4.23.2012

The Purge Part 7: Back in Black Part 3

This is a post about purging the past.

Two Sundays ago, as I do every Sunday, I took a bath, shaved all my unwanted body hair, scrubbed all the calluses from my heels and painted my toes. My toes are important to me! Some people understand, some think my quest for constant toe perfection is a bit silly, some have mentioned that it may be a flat out waste of time--but I love it. I love how my toes look when perfectly groomed into ten little perfect glossy canvases coated in la couleur de semaine.

From 2004 until late last year I only ever painted my toes one color: black. Always black. Every week the same; and if you look at any given picture of me from those years that includes my feet you will see ten perfect black toenails. It's true, just look at the header on this very blog.
Then one day in Boston I picked up a bottle of red nail polish at the pharmacy.
Then grey.
Then pink.
Now my nail bag looks like it might belong to Rainbow Brite, and the only color I haven't used since December was black. That is, until last Sunday.

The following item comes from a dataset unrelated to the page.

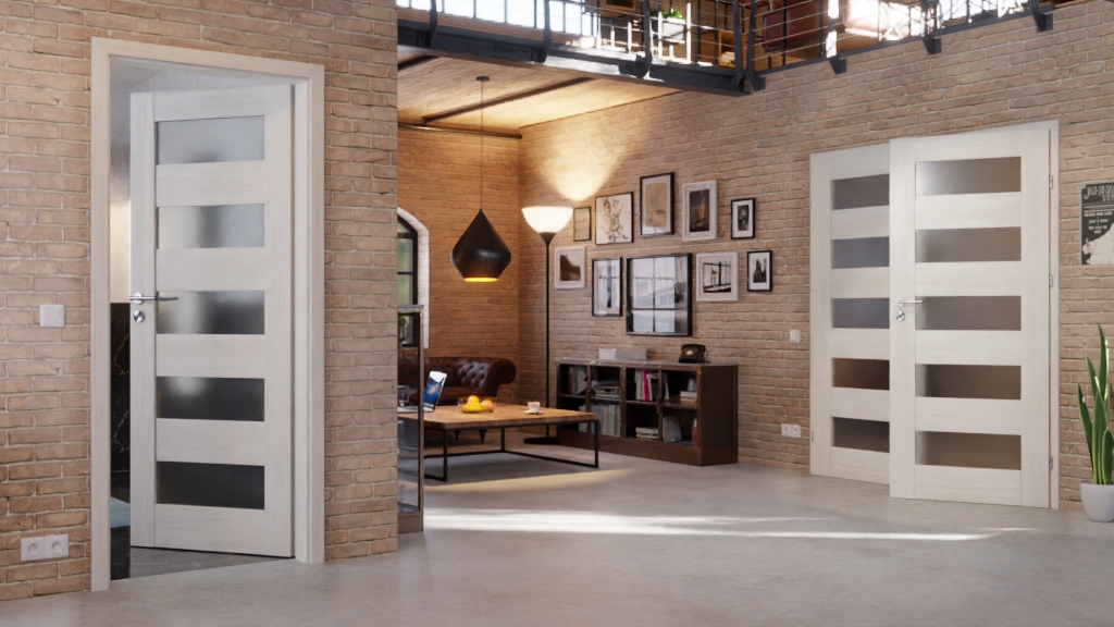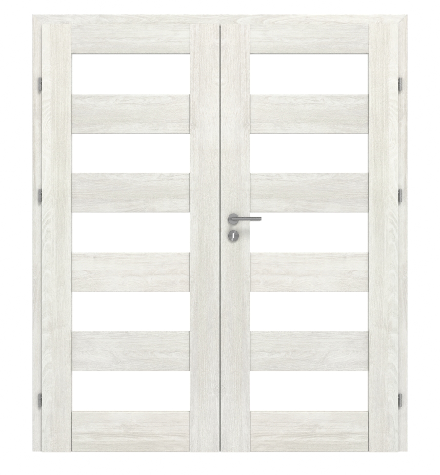 W przypadku tych drzwi podwójnych rama MDF, powierzchnia CPL w dekorze Jesion norweski oraz wstawki z matowego szkła tworzą idealny komplet:

I was feeling nostalgic, I guess. I went off one of my meds and was feeling rather like my old self, and I guess that's why I slicked three coats of black polish on each of my clipped and groomed toenails, laid back to admire my handiwork, set my alarm, and went to sleep.

Then I had the craziest week ever.

In the last week I missed a psych appointment, was 15 minutes away from being homeless, was late for work twice, was early for work twice, rolled a joint, ran out of toilet paper, cried in Times Square, worked two triples and three doubles, and then capped it all off by having three drinks and ridiculously perfunctory sex with someone wildly inappropriate.

Yup, back to my old self. Black toes and all.

But really? I just can't do this anymore. I mean, last week was exhausting at best, and at worst it left me shaken and overly emotional and then drunk and naked. It's just so hard to believe that I used to do shit like this every week--and furthermore, I enjoyed it. What the fuck? How in the world did I live through my twenties?

There are a couple of stories here.

There is one that begins way back when I was a twenty-something San Franciscan, and after happy hour at Nick's Crispy Taco's and two or three of a two-foot-tall-and-treacherous drink called The Sasquatch, I walked my very best friend in the world home because he was too drunk to go by himself. I propped him up with one arm while I fit his key into the front gate of his building on Geary, helped him up the stairs, through his front door, and into his bed. I checked my email on his MacBook in the kitchen, brought him some water he screamed at me for.

We did this all the time. We only lived a few blocks from each other; our little Edwardian studios in the Tenderloin that we had both lovingly painted green and ran between constantly as we could barely stand to spend time apart. He all but carried me home many times--me in one arm and my heels in the other--and this time was not unlike the rest.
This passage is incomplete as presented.